LIBERALISM AND ITS DISCONVENTIONS, by Francis Fukuyama. (Farrar, Straus & Giroux, $26.) The celebrated political philosopher raises serious questions about how liberal democracy has worked for generations in America and around the world, and calls for a new centrism, both individual and communal, to ensure the survival of liberalism. “Fukuyama writes with crystalline rationality,” writes Joe Klein in a review that also considers Yascha Mounk’s “The Great Experiment” (below). “Both authors suggest that some form of national service could be a way to heal national wounds. … But Fukuyama scorns what he calls “a long list” of policy proposals and, rather elegantly, settles for an appeal for moderation.

THE GREAT EXPERIENCE: Why various democracies are collapsing and how they can endure, by Yascha Mounk. (Penguin Press, $28.) Although Mounk is concerned about growing inequalities and identity politics, he argues for optimism, advocating for diversity and inclusion. “Mounk argues persuasively that progress has been made,” writes Joe Klein in his review. “Undoubtedly, it will be a challenge to overcome the encrustations of monopoly power and racial enmity, political gridlock and media cynicism. But a feeling of helplessness is essential for the enemies of liberalism. Proponents of various democracies, writes Mounk, “will also have to keep the pessimists among them in check.”

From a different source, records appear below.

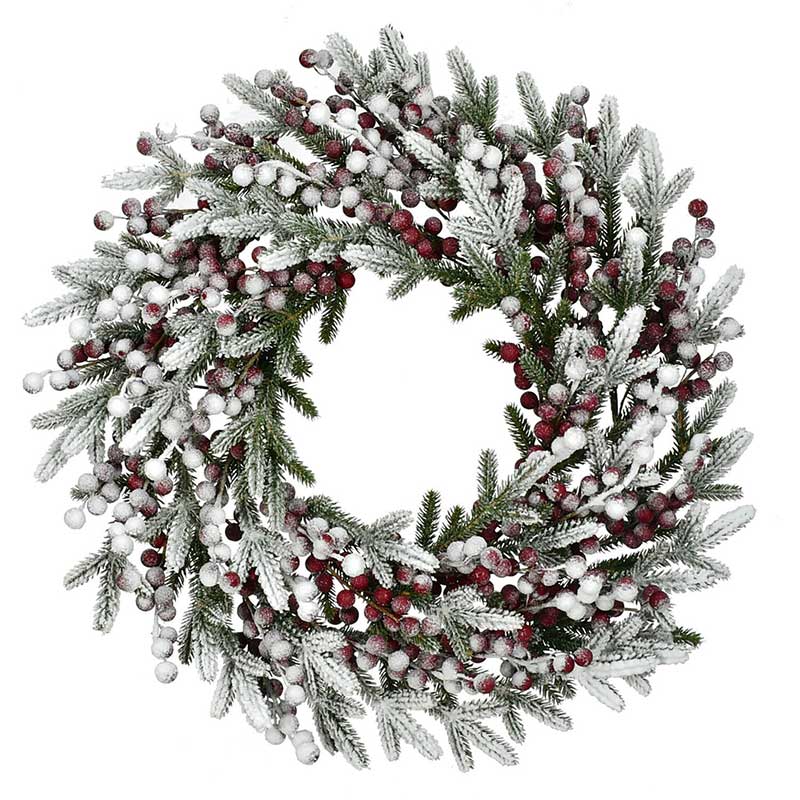 - DESIGNER FINISHES: This modern farmhouse inspired snow flocked pine wreath trimmed with red berries is the perfect addition to your holiday decor. Suitable for indoor or covered outdoor display.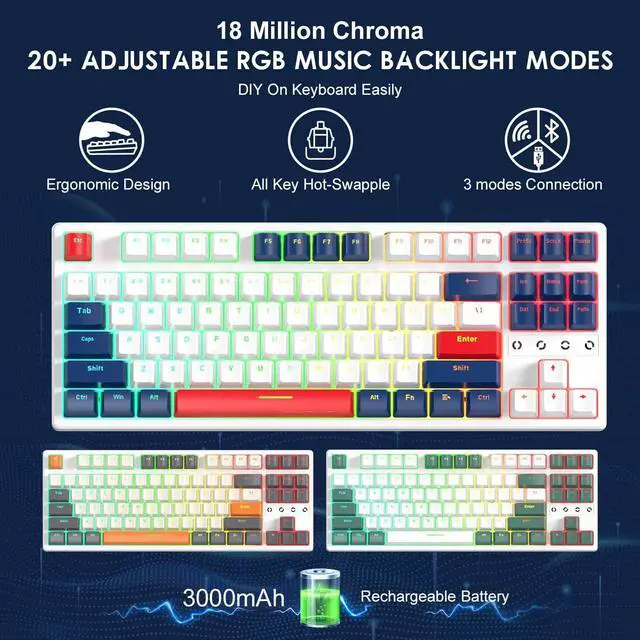 Hot Swappable 3/5Pin Clicky Blue SwitchesThe K87 hotswap mechanical keyboards is equipped with almost all switch types in the market no matter 3-pin or 5-pin.this pc gaming keyboards are basic on tactile mechanical switches,clear tactile feedback with audible clicky.Easy to mod or update it with your wishing preference.This is a unique treat for customizer and pc gamer.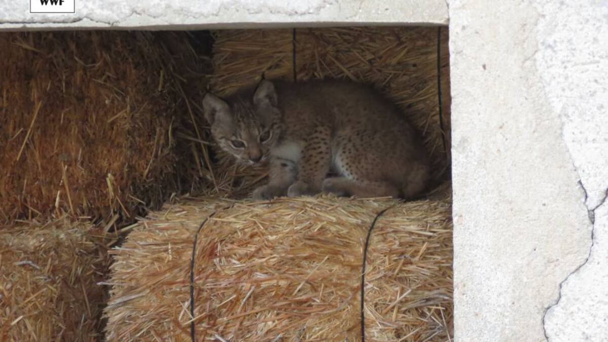 La lince Odrina está criando a sus dos cachorros entre las balas de alfalfa de un pajar en desuso pero bien conservado situado en la provincia de Ciudad Real, en Sierra Morena, donde ella vino al mundo hace dos años cuando su madre, esta sí nacida en cautividad, buscaba un refugio. "La elección de un edificio es muy poco habitual, lo normal es que intenten aprovechar troncos huecos como hacen en Doñana o agujeros entre las piedras", explica Ramón Pérez de Ayala, responsable de WWF del proyecto LIFE Iberlince. Es la primera vez que un ejemplar de la especie nacido en libertad tiene una camada en esta región.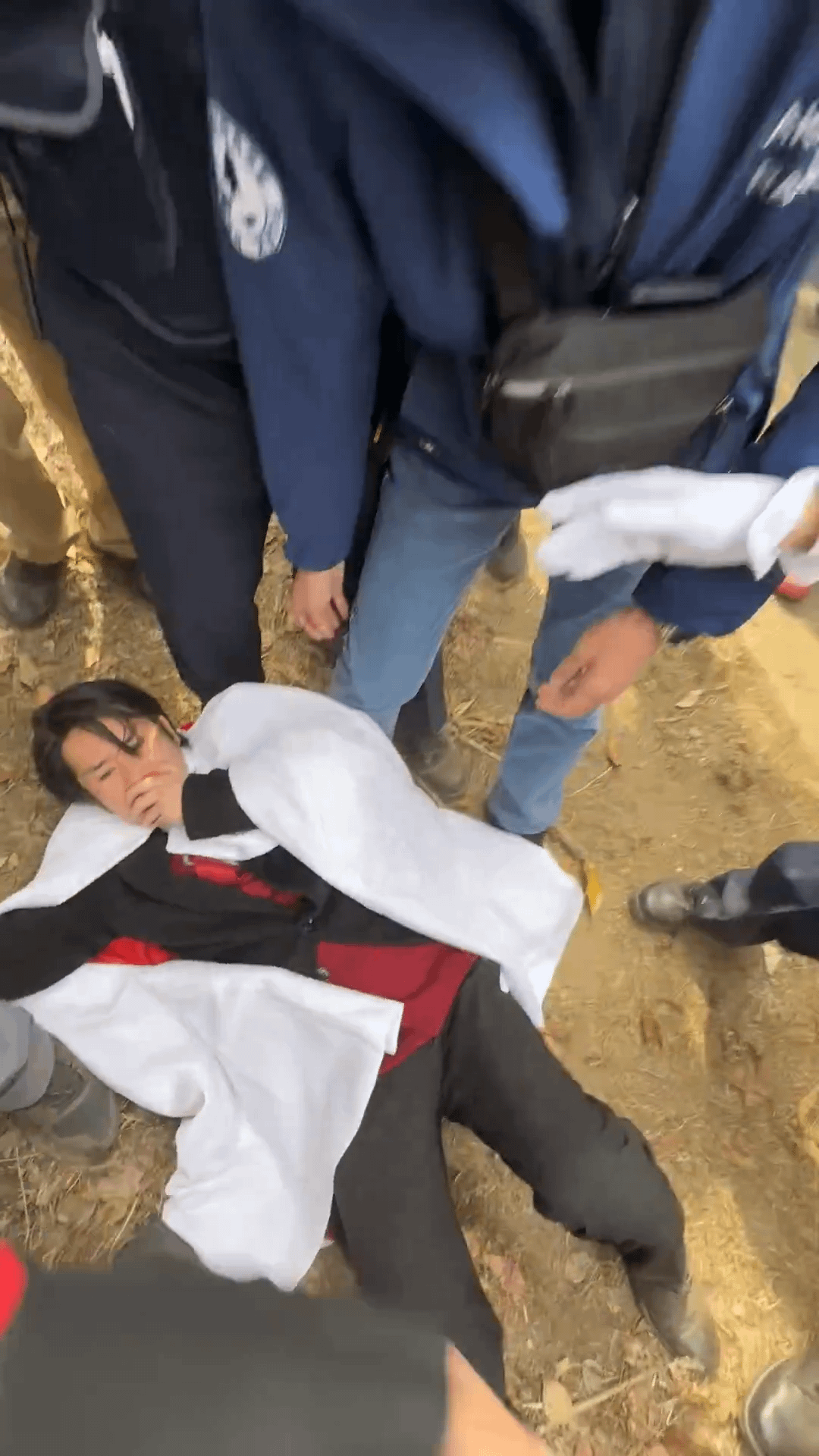 Violently attacked? Looks like he just wiped something off the guy’s mouth.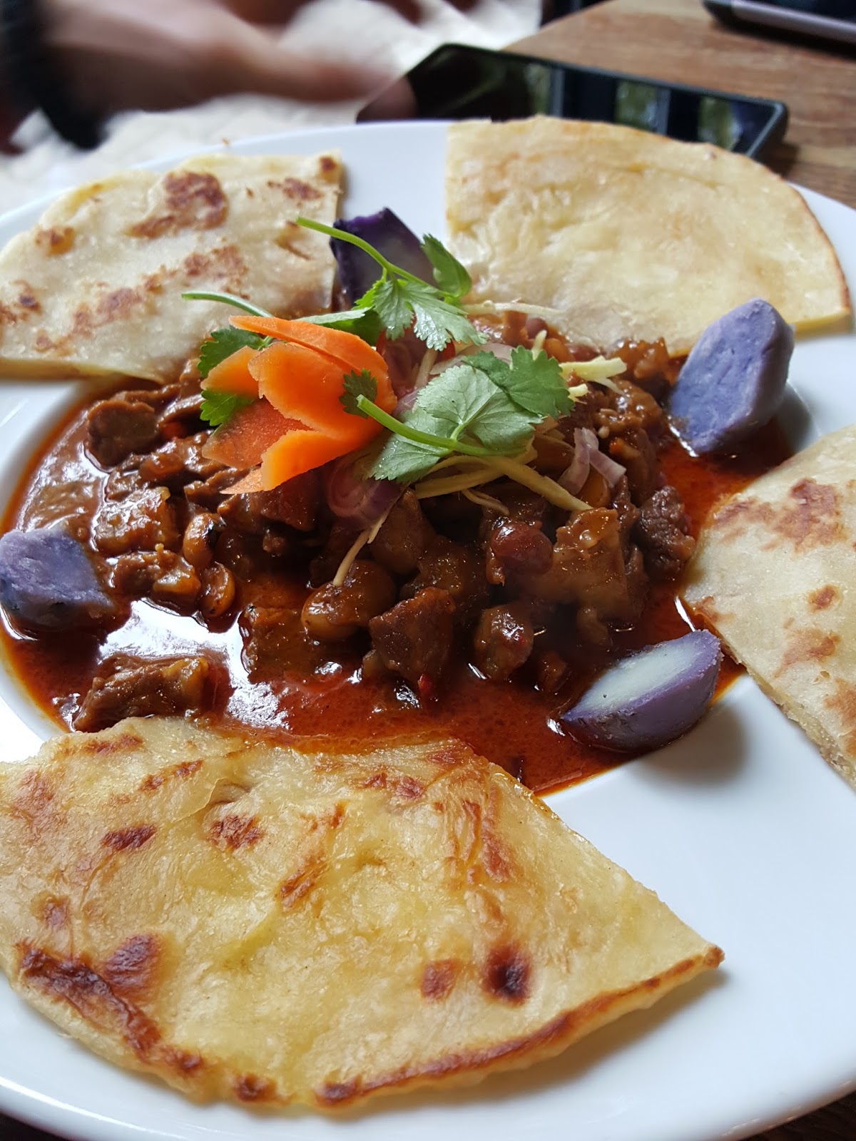M wybrał Matsaman curry z wołowiną (39,00) z fioletowym ziemniakiem, orzechami, nasionami lotosu oraz plackami roti. Mięso bardzo rzadko gości na talerzu M – czasami skusi się na coś wyjątkowego właśnie z wołowiny. Ta wersja matsaman curry była niezwykle aromatyczna, głęboka w smaku, nawet placki szybko zniknęły z talerza. Musiało smakować.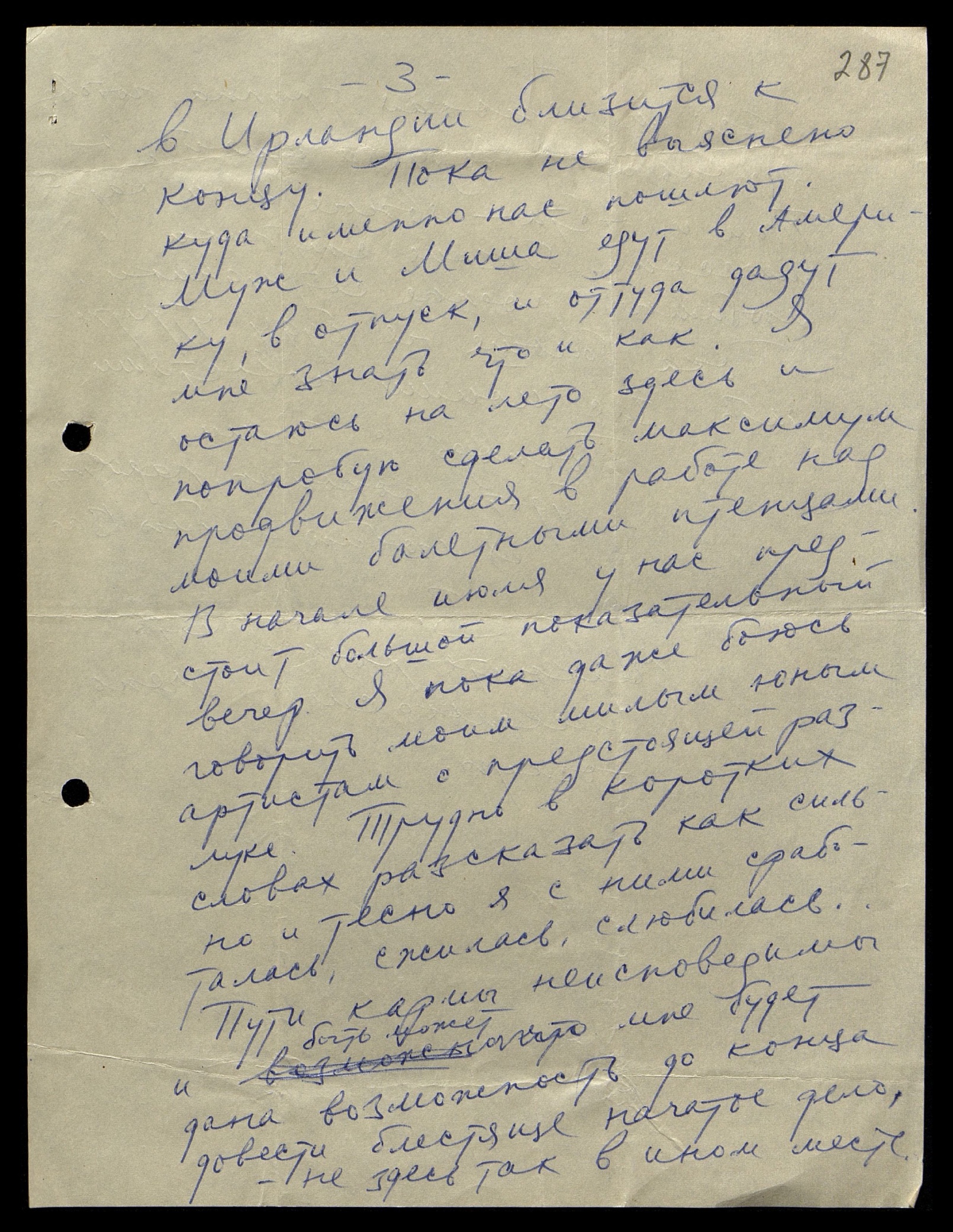 в Ирландии близится к концу. Пока не выяснено, куда именно нас пошлют. Муж и Миша едут в Америку, в отпуск, и оттуда дадут мне знать что и как. Я остаюсь на лето здесь и попробую сделать максимум продвижения в работе над моими балетными птенцами. В начале июля у нас предстоит большой показательный вечер. Я пока даже боюсь говорить моим милым юным артистам о предстоящей разлуке. Трудно в коротких словах рассказать, как сильно и тесно я с ними сработалась, сжилась, слюбилась… Пути кармы неисповедимы и, быть может, мне будет дана возможность до конца довести блестяще начатое дело — не здесь, так в ином месте.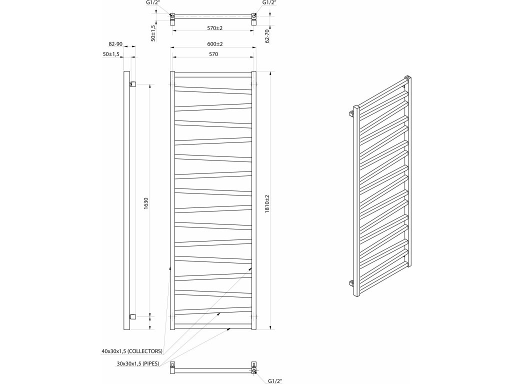 Sapho ZIG otopné těleso 600x1810 mm, černá mat ZG619B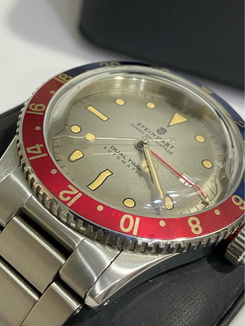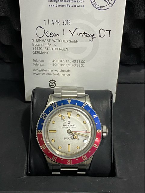 【商品名稱】steinhart vintage Dual time 【型號)103-0495 【商品價格】10800元 【新舊程度】9成左右,走時正常 (日常少戴) 錶徑42mm 箱型藍寶石鏡面 瑞士soprod a10機芯 兩地時間(GMT) 【附件】 約2016年國外購入, 原廠盒多餘錶節皆有 純出售,無交流,不議價 【交易方式】 匯款後黑貓(+150元) 或三重捷運站面交

ISLAND OF FIRE: A century in the life of an American paradise, by Jack Parlet. (Hannover Square, $27.99.) Parlett’s concise and personal story of the legendary gay enclave off the south shore of Long Island draws everyone from Walt Whitman to Andy Warhol, but never turns into a sepia-toned exercise in nostalgia. Wayne Koestenbaum, reviewing it, calls the book a “meticulously researched, century-spanning chronicle of queer life” that “captures, with a simple yet lyrical touch, the power of place to stun and to shame, to give pleasure and to symbolize evanescence.”

THE SHORE, by Katie Runde. (Scribner, $26.99.) In Runde’s heartfelt and bittersweet beginnings, a New Jersey family prepares for the death of their beloved father, who has an aggressive form of brain cancer. The subject is difficult, but the moments of lightness are not lacking. “This is Katie Runde’s first novel, and she writes with a fluid sensitivity to detail and mood, tackling difficult issues head-on,” Judy Blundell writes in her review. “It’s absorbing, lucid and true. Anyone who has lost someone little will recognize the struggle to overcome despair and affirm the stubborn endurance of love.